Interpreting models
The purpose of this vignette is to show how to generate explanations from SDeMo models, using partial responses and Shapley values.
using SpeciesDistributionToolkit
using PrettyTables
using CairoMakieWe will work on the demo data:
X, y, C = SDeMo.__demodata()
sdm = SDM(RawData, Logistic, X, y)
variables!(sdm, [1, 12])
hyperparameters!(classifier(sdm), :interactions, :self)
hyperparameters!(classifier(sdm), :η, 1e-4)
hyperparameters!(classifier(sdm), :epochs, 10_000)
train!(sdm)☑️ RawData → Logistic → P(x) ≥ 0.496We start by generating a partial response curve:
prx, pry = partialresponse(sdm, 1, LinRange(5.0, 15.0, 100); threshold = false);Note that we use threshold=false to make sure that we look at the score that is returned by the classifier, and not the thresholded version (i.e. presence/absence).

Code for the figure
f = Figure()
ax = Axis(f[1, 1]; xlabel = "BIO1", ylabel = "Partial response")
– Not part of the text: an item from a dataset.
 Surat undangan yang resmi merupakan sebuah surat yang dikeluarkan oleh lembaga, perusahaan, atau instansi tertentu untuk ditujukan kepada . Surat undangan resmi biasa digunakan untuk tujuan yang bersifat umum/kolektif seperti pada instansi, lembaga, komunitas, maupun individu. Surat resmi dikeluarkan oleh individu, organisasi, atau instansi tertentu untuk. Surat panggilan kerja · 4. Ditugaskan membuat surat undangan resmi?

lines!(ax, prx, pry; color = :black)We can also show the response surface using two variables:
prx, pry, prz = partialresponse(sdm, variables(sdm)[1:2]..., (50, 50); threshold = false);Note that the last element returned in this case is a two-dimensional array, as it makes sense to visualize the result as a heatmap. Although the idea of a the partial response curves generalizes to more than two dimensions, it is not supported by the package.

Code for the figure
f = Figure()
ax = Axis(f[1, 1]; xlabel = "BIO$(variables(sdm)[1])", ylabel = "BIO$(variables(sdm)[2])")
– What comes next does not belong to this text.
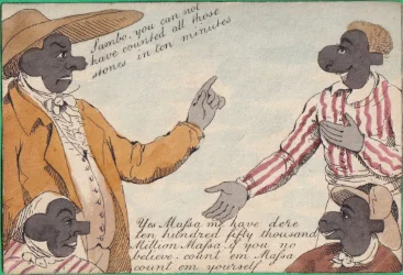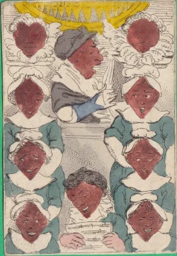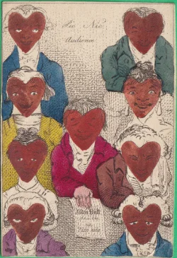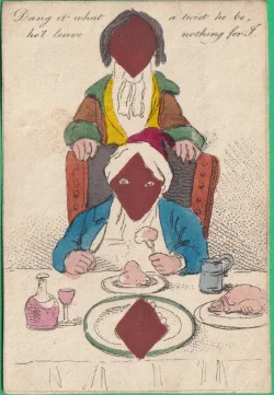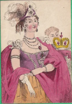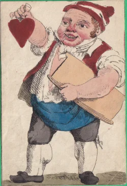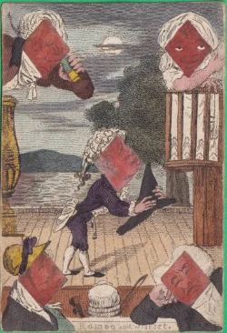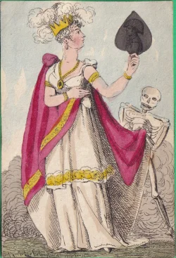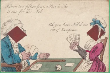 A wrapper for a Transformation pack showing a strewn pack of cards surmounted by a title card bearing the words "Metastasis, Transformation of Cards" Hand-coloured etching 1811 held in the British Museum

cm = heatmap!(prx, pry, prz; colormap = :Greys, colorrange = (0, 1))
Colorbar(f[1, 2], cm)Inflated partial responses replace the average value by other values drawn from different quantiles of the variables:

Code for the figure
f = Figure()
ax = Axis(f[1, 1])
prx, pry = partialresponse(sdm, 1; inflated = false, threshold = false)
for i in 1:200
ix, iy = partialresponse(sdm, 1; inflated = true, threshold = false)
lines!(ax, ix, iy; color = (:grey, 0.2))
end
lines!(ax, prx, pry; color = :black, linewidth = 4)We can perform the (MCMC version of) Shapley values measurement, using the explain method:
[explain(sdm, v; observation = 3, threshold = false) for v in variables(sdm)]2-element Vector{Float64}:
0.3875161476109386
-0.052887193362686664These values are returned as the effect of this variable's value on the average prediction for this observation.
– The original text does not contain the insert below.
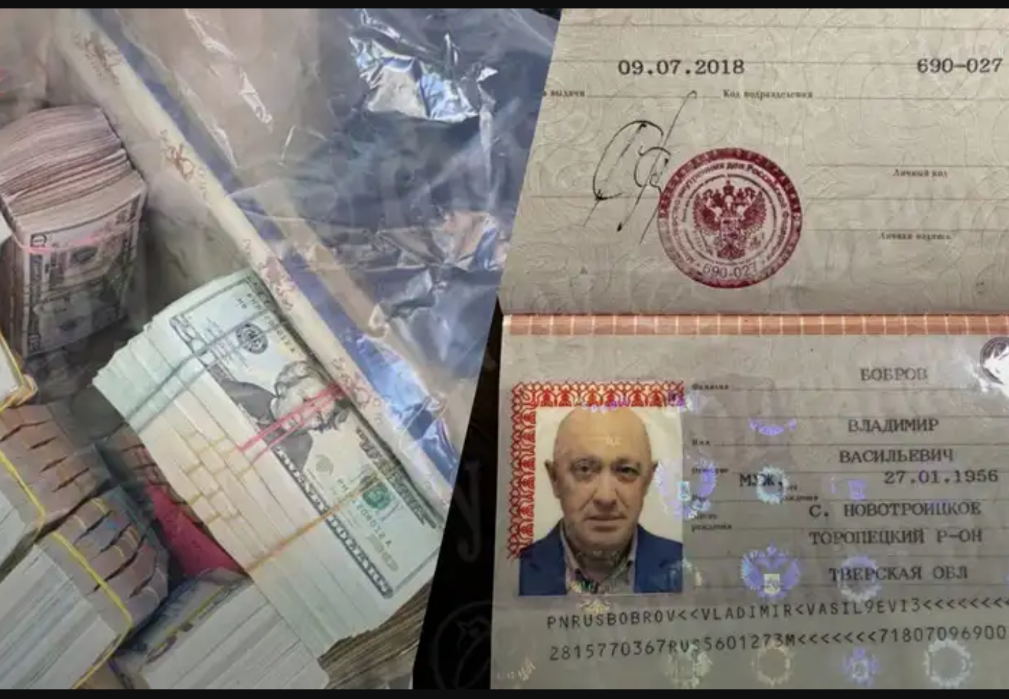 Фото знайдених речей публікують російські ЗМІ, повідомляє 24 Канал. Зокрема в очільника ПВК “Вагнера” знайшли кілька паспортів – один на його ім’я, а інші – підроблені.

We can also produce a figure that looks like the partial response curve, by showing the effect on a variable on each training instance:

Code for the figure
f = Figure()
ax = Axis(f[1, 1]; xlabel = "BIO1", ylabel = "Effect on the average prediction")
scatter!(ax, features(sdm, 1), explain(sdm, 1; threshold = false))Related documentation
SDeMo.explain Function
explain(model::AbstractSDM, j; observation = nothing, instances = nothing, samples = 100, kwargs..., )Uses the MCMC approximation of Shapley values to provide explanations to specific predictions. The second argument j is the variable for which the explanation should be provided.
The observation keywords is a row in the instances dataset for which explanations must be provided. If instances is nothing, the explanations will be given on the training data.
All other keyword arguments are passed to predict.